## WHAT YOU HAVE TO DO
Only the lines with "this" in them need to be copied from the listing.

## DATA SHOWN
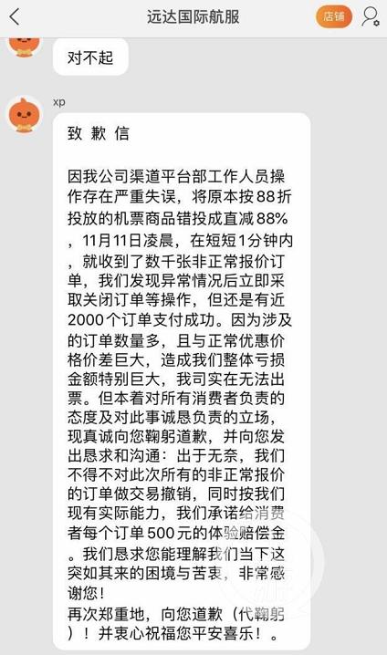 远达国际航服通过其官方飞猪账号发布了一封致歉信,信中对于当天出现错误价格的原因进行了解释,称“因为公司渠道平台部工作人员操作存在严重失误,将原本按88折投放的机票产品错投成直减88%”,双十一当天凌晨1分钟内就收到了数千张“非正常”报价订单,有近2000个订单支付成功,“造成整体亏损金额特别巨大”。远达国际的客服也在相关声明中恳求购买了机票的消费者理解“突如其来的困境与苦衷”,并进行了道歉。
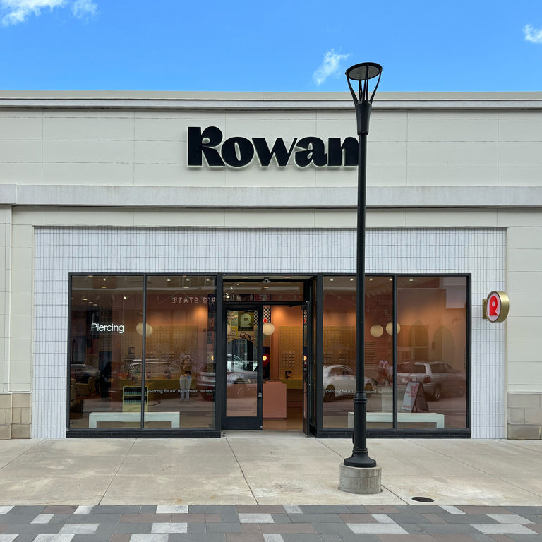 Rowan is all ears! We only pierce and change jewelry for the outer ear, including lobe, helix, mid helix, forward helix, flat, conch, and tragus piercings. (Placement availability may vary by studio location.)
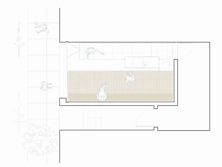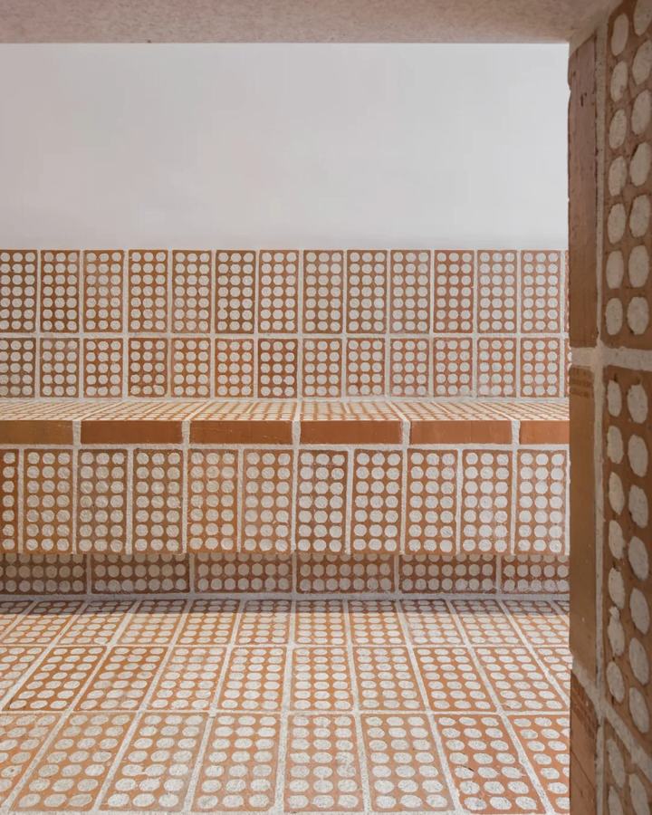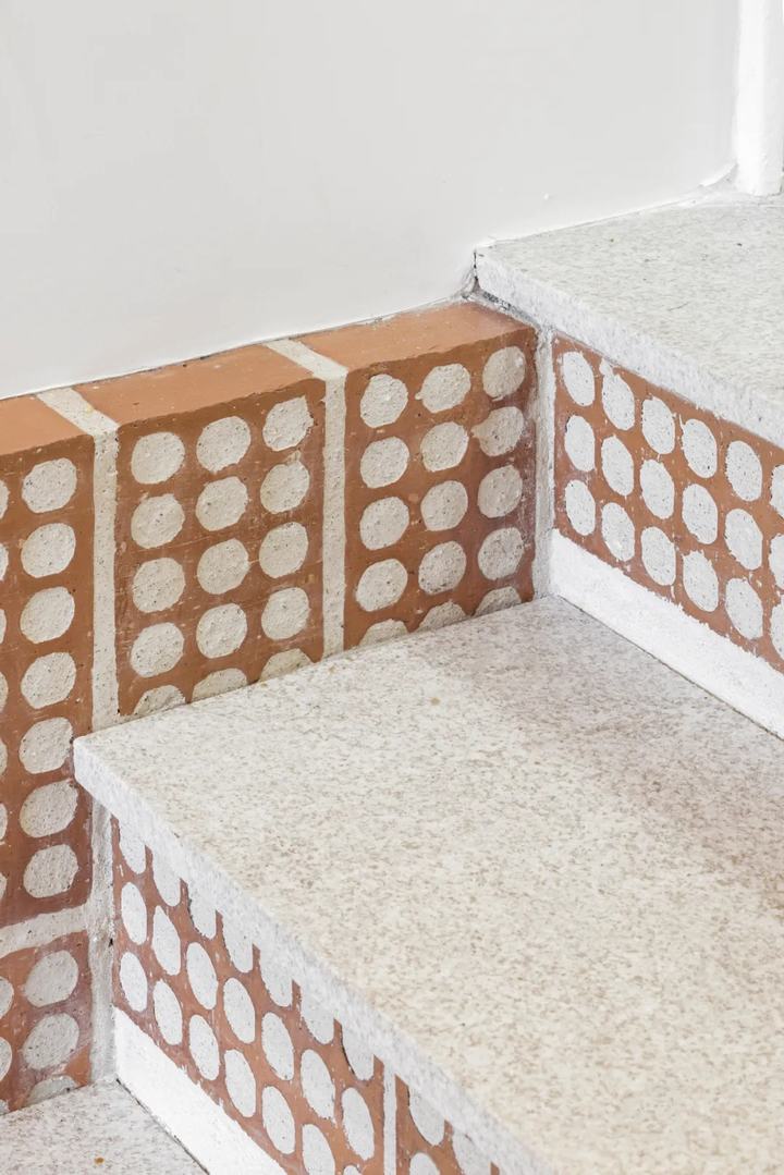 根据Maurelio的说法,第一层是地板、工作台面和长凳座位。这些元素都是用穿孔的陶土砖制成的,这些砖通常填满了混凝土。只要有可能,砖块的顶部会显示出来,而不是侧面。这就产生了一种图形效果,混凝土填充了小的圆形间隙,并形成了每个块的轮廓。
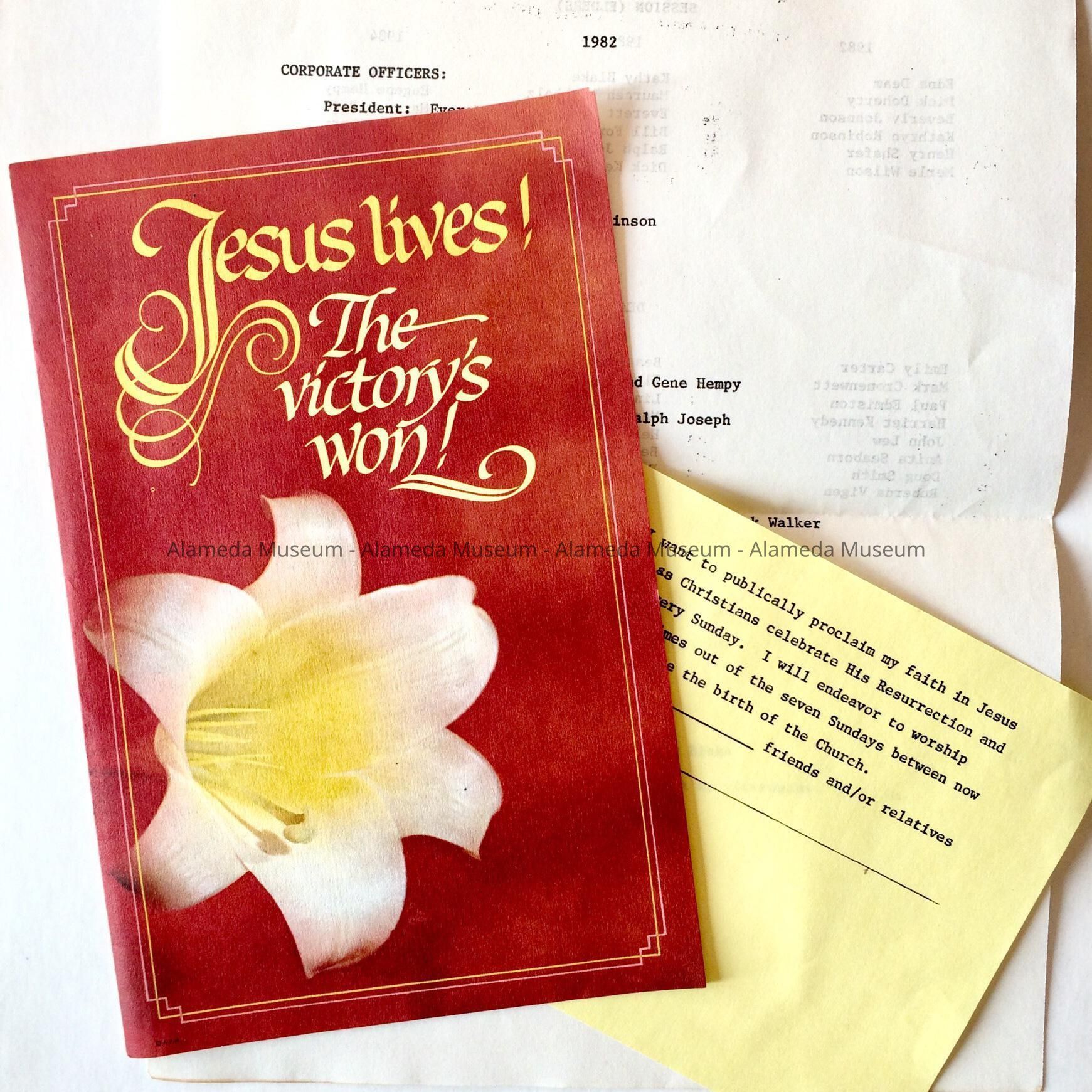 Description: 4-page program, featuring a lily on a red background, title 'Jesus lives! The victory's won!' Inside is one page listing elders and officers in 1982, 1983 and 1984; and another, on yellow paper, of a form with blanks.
* * *
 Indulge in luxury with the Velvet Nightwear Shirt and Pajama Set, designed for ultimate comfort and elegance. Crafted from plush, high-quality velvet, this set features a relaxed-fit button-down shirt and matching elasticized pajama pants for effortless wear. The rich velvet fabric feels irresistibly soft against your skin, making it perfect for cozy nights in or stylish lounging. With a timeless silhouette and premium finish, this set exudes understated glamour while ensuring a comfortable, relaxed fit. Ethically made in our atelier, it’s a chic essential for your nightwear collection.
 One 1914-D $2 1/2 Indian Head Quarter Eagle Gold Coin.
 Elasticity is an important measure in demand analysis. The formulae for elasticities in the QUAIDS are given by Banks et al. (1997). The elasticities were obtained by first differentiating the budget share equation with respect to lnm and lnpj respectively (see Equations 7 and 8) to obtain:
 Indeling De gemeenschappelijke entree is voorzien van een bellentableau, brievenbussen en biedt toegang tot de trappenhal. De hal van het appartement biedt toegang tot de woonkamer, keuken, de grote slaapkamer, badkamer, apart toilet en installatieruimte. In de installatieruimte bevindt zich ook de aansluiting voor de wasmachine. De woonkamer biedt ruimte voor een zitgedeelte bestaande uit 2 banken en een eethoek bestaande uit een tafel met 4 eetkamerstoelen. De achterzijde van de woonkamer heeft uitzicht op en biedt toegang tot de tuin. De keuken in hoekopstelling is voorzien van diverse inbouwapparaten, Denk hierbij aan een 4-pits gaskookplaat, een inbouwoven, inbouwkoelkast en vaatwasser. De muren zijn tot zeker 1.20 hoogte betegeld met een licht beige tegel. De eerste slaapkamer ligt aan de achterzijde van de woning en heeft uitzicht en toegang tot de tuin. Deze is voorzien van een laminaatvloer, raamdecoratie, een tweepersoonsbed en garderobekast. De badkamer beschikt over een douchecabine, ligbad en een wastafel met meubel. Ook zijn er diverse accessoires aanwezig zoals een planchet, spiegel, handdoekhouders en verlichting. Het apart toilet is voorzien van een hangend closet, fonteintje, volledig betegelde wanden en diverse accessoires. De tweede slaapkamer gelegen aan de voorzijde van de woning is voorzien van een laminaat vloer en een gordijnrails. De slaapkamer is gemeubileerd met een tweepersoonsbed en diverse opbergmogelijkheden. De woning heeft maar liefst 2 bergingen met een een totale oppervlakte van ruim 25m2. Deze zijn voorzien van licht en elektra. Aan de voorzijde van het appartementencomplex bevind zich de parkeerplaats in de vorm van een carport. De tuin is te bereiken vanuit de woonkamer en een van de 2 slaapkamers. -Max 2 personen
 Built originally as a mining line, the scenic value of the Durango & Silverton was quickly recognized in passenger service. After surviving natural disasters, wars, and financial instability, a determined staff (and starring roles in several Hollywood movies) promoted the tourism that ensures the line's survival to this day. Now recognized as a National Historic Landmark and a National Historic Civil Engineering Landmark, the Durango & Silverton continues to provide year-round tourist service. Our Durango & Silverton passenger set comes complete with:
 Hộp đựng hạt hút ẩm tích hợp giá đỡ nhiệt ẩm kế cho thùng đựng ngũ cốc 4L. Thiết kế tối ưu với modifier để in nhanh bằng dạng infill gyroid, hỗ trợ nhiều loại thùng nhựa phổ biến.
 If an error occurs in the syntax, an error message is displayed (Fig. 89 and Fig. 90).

## SOLUTION TO THE EXERCISE
 Indulge in luxury with the Velvet Nightwear Shirt and Pajama Set, designed for ultimate comfort and elegance. Crafted from plush, high-quality velvet, this set features a relaxed-fit button-down shirt and matching elasticized pajama pants for effortless wear. The rich velvet fabric feels irresistibly soft against your skin, making it perfect for cozy nights in or stylish lounging. With a timeless silhouette and premium finish, this set exudes understated glamour while ensuring a comfortable, relaxed fit. Ethically made in our atelier, it’s a chic essential for your nightwear collection.
 Built originally as a mining line, the scenic value of the Durango & Silverton was quickly recognized in passenger service. After surviving natural disasters, wars, and financial instability, a determined staff (and starring roles in several Hollywood movies) promoted the tourism that ensures the line's survival to this day. Now recognized as a National Historic Landmark and a National Historic Civil Engineering Landmark, the Durango & Silverton continues to provide year-round tourist service. Our Durango & Silverton passenger set comes complete with:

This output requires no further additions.